To
Dance (or not to Dance) with Stalin:
Eastern Europe under Communism, 1944-1989
History D330
spring 2003-2004
Professor
Marci Shore
office hours Thursdays 9-11, BH 833
855-8036; mshore@indiana.edu
grader
Deanna Wooley; dwooley@indiana.edu
office hours Tuesdays 1-2, main lobby of library
This is the follow-up lecture course to D300 (“The Trouble with Being Born”: Eastern Europe in the First Half of the Twentieth Century). The course begins inside the Second World War, when the interwar years have decisively come to an end, but no one yet knows what is to follow.

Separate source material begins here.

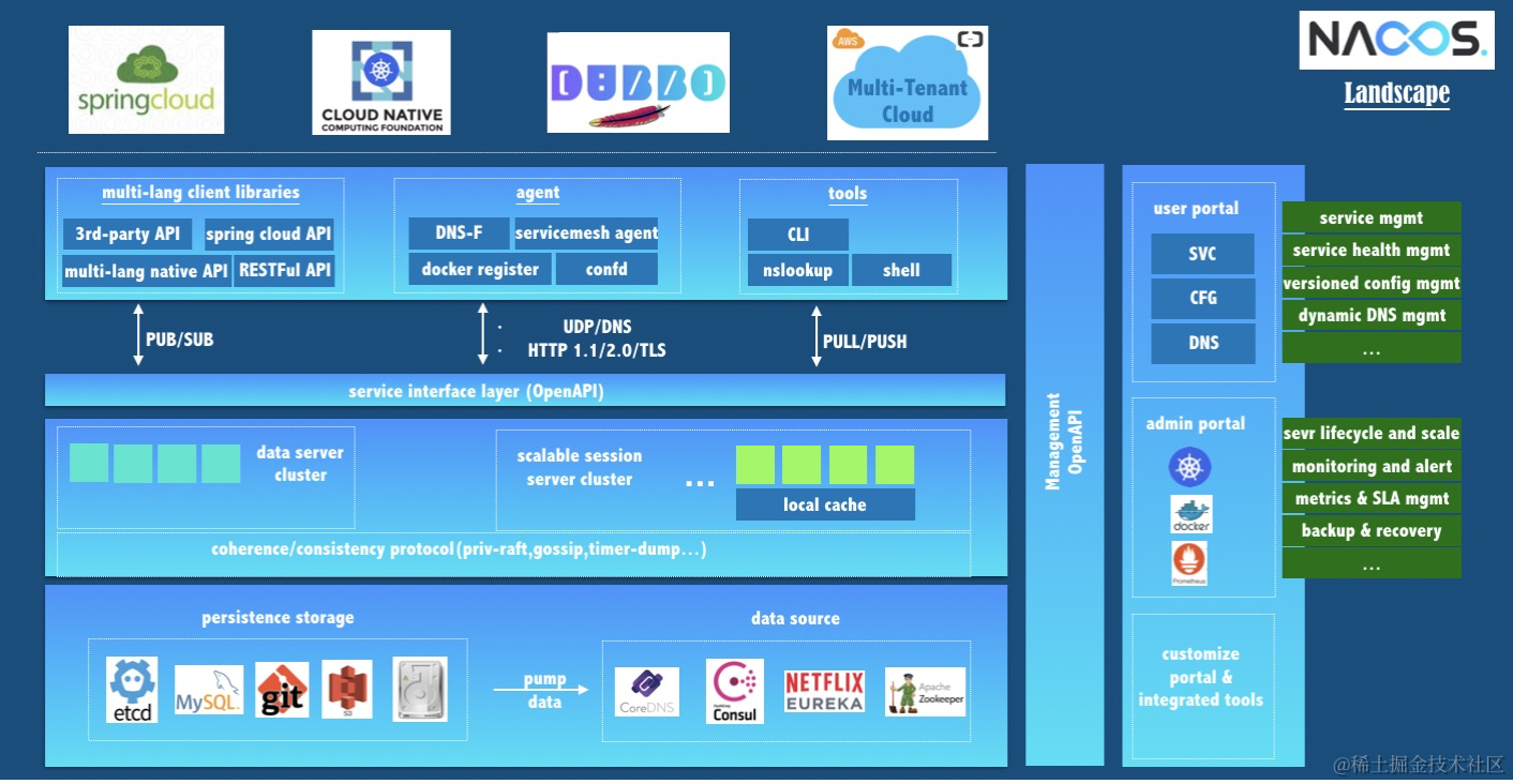 Nacos 支持对服务及元数据的管理。包括服务定义,生命周期,服务静态依赖分析,健康状态,流控,路由,安全规则,SLA及metric监控等。

We will then explore the history of Eastern Europe from the “liminal” years immediately following the end of the war, through the Stalinist period, the post-Stalin “Thaw,” the emergence of “revisionist” Marxism, “normalization” and dissent, and finally the revolutions of 1989. Within this narrative, topics will include the bloody Stalinist show trials, the Tito-Stalin split, the failed Hungarian Revolution of 1956, the Prague Spring of 1968, the reign of Ceaucescu in Romania, and the flowering of samizdat and dissident culture in the 1970s and 1980s. D300 is not a prerequisite for this class.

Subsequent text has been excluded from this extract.